Some of the Native biotechnology (corn, potatoes, etc.) was picked up by the Europeans. Some was ignored. Some was even lost. Some of the lost technology is being rediscovered.

It's silly to scorn the process -- why should we toss the results of their millennia of development on the scrap heap? To do so would merely be cutting off our noses to spite our faces.

Date: 2011-09-15 05:53 pm (UTC)
From: [identity profile] baron-waste.livejournal.com

No, just the other day I had someone give me that same Clan of the Cave Bear / Dances With Wolves horseshit about how the Noble Savages were all Caretakers of the Earth© until the white devil phallocentric male-hegemonist European Republicans showed up, &c., &c.

Yeah, yeah… Get a haircut and a job, you clown.

The simple truth is that the natural world was terrifying, people had no control over the environment, it was the environment which had control, that the entire purpose of shamanistic religions was to placate the gods so they wouldn't kill all of your people, and that was no sure bet… There were simply not enough people to affect the environment in any meaningful way, even if they thought they should or could, which they did not. (Why would they? That would be like believing you can reshape the Moon. “… Don't quit your day job,” y' know?)

“Some ideas are so preposterous that only an intellectual could believe them.” - George Orwell

Date: 2011-09-15 06:06 pm (UTC)
From: [identity profile] chris-gerrib.livejournal.com
Yeah, I've read 1491, and thought I'd reviewed it on this blog, but if so I can't find the link.

Date: 2011-09-15 06:08 pm (UTC)
From: [identity profile] chris-gerrib.livejournal.com
There were a lot of things out of the control of primitive peoples, nor were they entirely conscious of their management actions. Also, in places like the US Southwest, those decisions proved bad.

Date: 2011-09-16 04:04 pm (UTC)
From: [identity profile] baron-waste.livejournal.com

Why do you refer to native (or presumably native) flora as technology?

Agrarian improvements such as clover or turnips might be called “biotechnology” in the same sense that a janitor is a “custodial engineer,” but likewise it just degrades the proper meaning of the term. Corn ain't biotechnology, it's a domesticated plant - and to people who already had wheat and rice and barley and emmer and oats, not to mention peas and carrots and yams, well, y' know, okay, thanks.

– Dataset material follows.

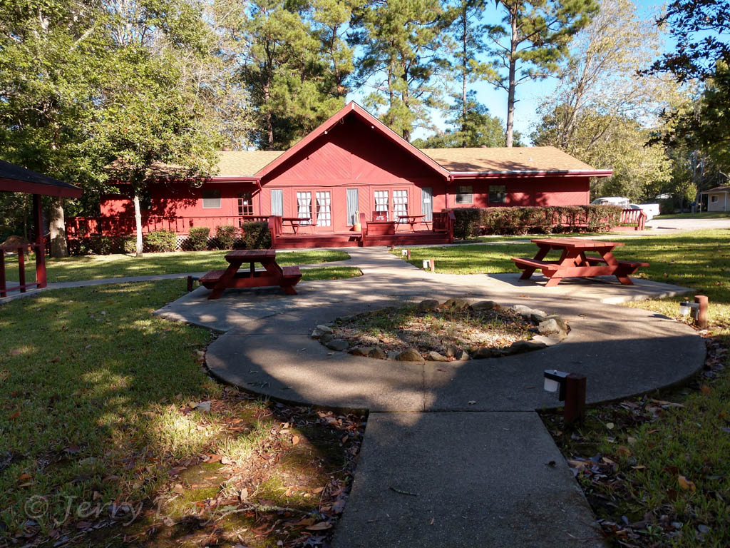 The Escapees park is located in a scenic, semi-forested rural area about six miles from Livingston, Texas. The campus and campground sections are nicely landscaped with mature trees and many nice landscaping touches. The campus feels very peaceful and park-like.

Potatoes, peanuts - that's more like it, but it's still not 'technology.' Tobacco, okay, NOW you're talkin'! Not only does that require technology to properly employ - fire, pipes - but it exhausts the soil, requiring fertilizer.

But it's not food, either, so it's somewhat off the subject.

Date: 2011-09-16 04:49 pm (UTC)
From: [identity profile] chris-gerrib.livejournal.com
Agriculture most certainly is technology. You need tools and knowledge.

Date: 2011-09-16 05:10 pm (UTC)
From: [identity profile] jordan179.livejournal.com
Why do you refer to native (or presumably native) flora as technology?

Because the Amerindians selectively-bred the native flora into new and more useful varieties. In the case of maize, they took teosinte, which could at most have been a food seasoning due to the small size of its ears, and bred it for greater ear size until it could be used as a staple dietary item. This is "technology," because it is a form of tool-making. Not only that, but it's a very vital technology, because it made possible much larger settled population, and consequently complex cultures and even civilizations. Agricultural technologies, everywhere in human history, has been the bases on which civilizations have been founded.

You could take away metalworking and still have civilizations. Old Dynastic Egypt had few or no metal tools (though they did have metal ornaments) and yet managed to build great cities and monuments, and write down complex religious and philosophical ideas. But without her grain and the Nilometers which helped her grow them, Egypt would have little more than a gaggle of fishing villages strung out along the Nile.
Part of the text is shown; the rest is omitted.